Dilma was chairperson of the board of Petrobras during the entirety of the
scandal. Given the magnitude of the corruption, either she was involved or was
incompetent. Furthermore, her administration has cooked the books in terms of
reporting on the economic health of the country and her administration is
responsible for the biggest economic decline in years. Furthermore, we can't
really investigate wrongdoing because without things getting political because
the constitution in Brazil makes it so only the STF, the equivalent of SCOTUS,
is allowed to investigate and bring to trial the president and congresspeople.
This bottle neck and the politics of bringing a trial mean that almost no one
can be investigated. Dilma even used this fact to shield the former president
from investigation by appointing him to a cabinet position just as he was
about to be deposed.

I'm not saying those other side of this (politicians and media) are without
wrongdoing. He does a good job of pointing out why they are scum too, but to
gloss over many details in order to make Dilma out to be some sort of
blameless victim of injustice is laughable.

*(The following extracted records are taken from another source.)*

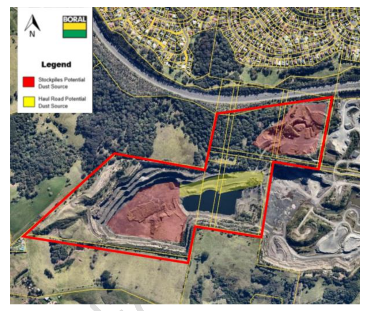
Figure 6: Incident 2: Sources of Dust Pollution at Bombo

Please note that pollution controls include operational response which is not included on these maps. See Table 1 in Section 7 for more detail on pollution controls for Incident ^{\#}2 .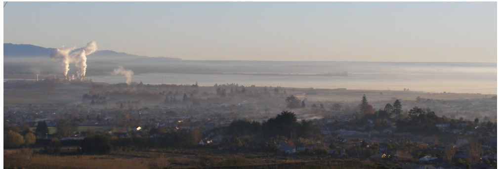
Richmond on a smoggy morning in June 2007

For a full report on Air Quality see the Council website: www.tasman.govt.nz click on "Environment" pages, then click "Air" or use the following link: http://www.tasman.govt.nz/index.php?Air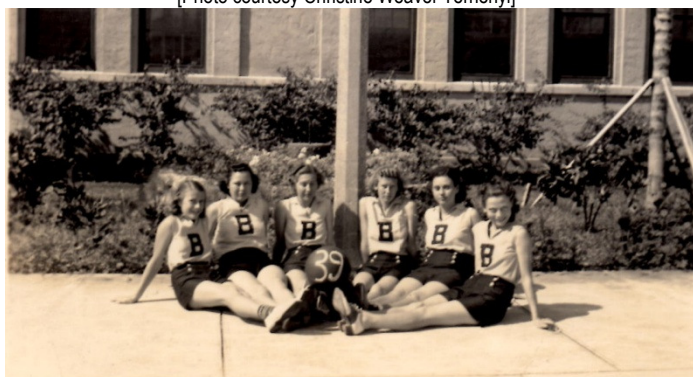
Boynton High School Tigerettes 1939 Can anyone send us their names?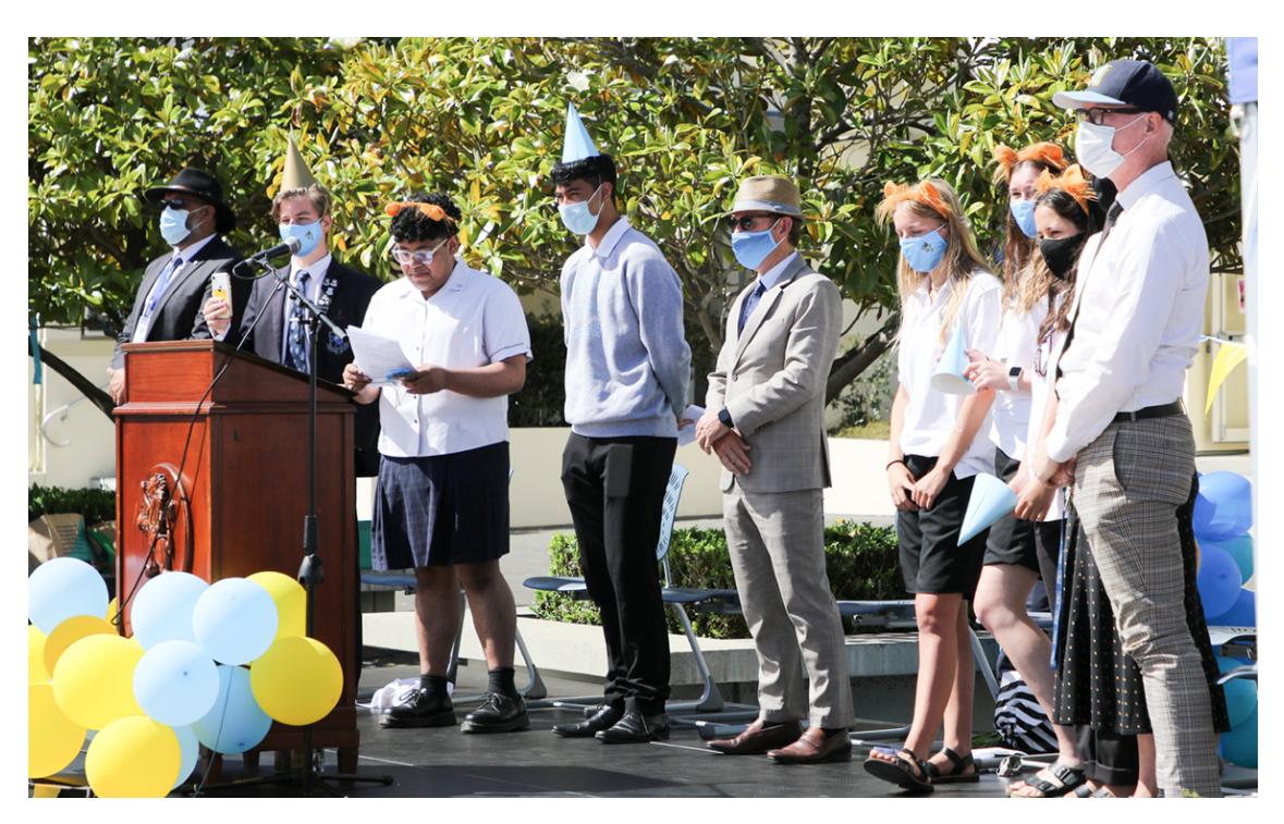
Sports Awards 2021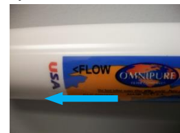
B: Presses a tube lock, pull out the mains

Finally, remember to revert step 1 to 2, system will resume normal after 2-3 hours.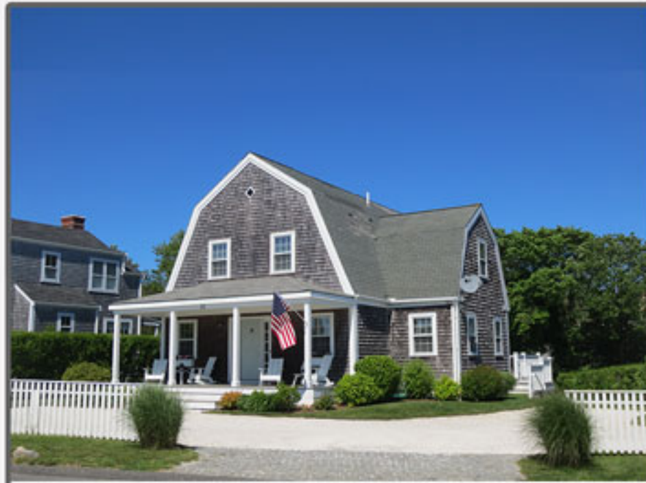
TOWN 62 Prospect Street 7 bed. / 4 baths Weekly Rental: $5,500 - $7,000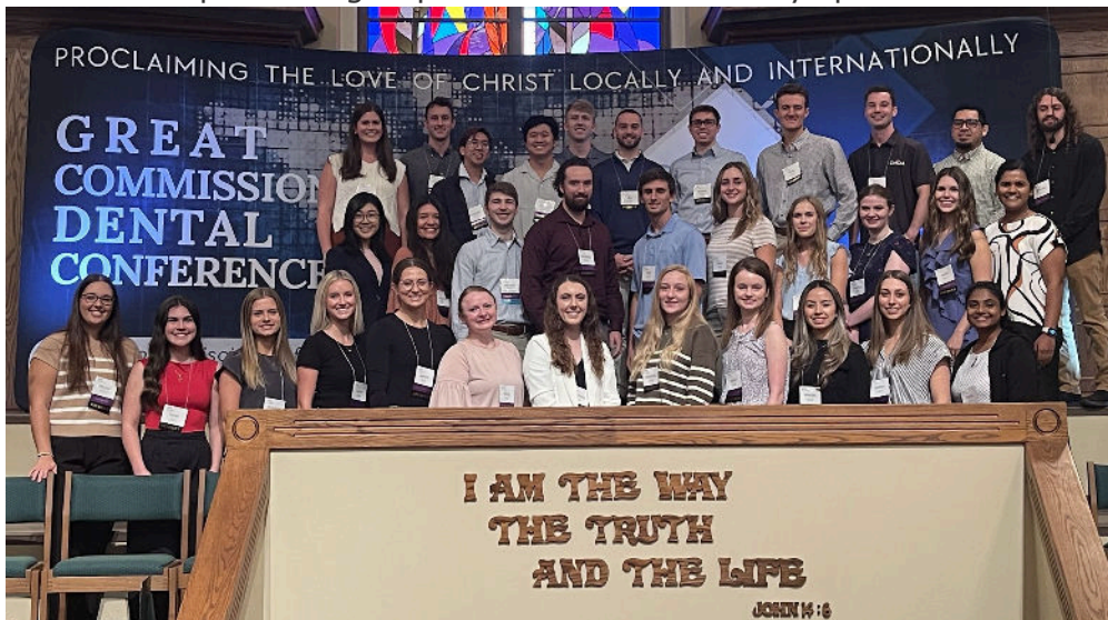
Dental students from across the country

No one on either side of the aisle is innocent in all this. It's positively
shameful.

------
mhkool
The article does not mention the process of the vote for impeachment. At the
impeachment vote, all politicians had 1 minute to declare their opinion and
the ones who voted for impeachment did 2 things:

1) they voted for impeachment in the name of their sons, their city and their
country and showed hate against the president. 2) none of them accused the
president of wrongdoing. None stated that the president should be impeached
because she broke the law.

This shows very clearly what the motives of the politicians are: we want to
get rid of this president becuase we do not like her and we use any illegal
excuse to do it. I feel embarrassed living in Brazil.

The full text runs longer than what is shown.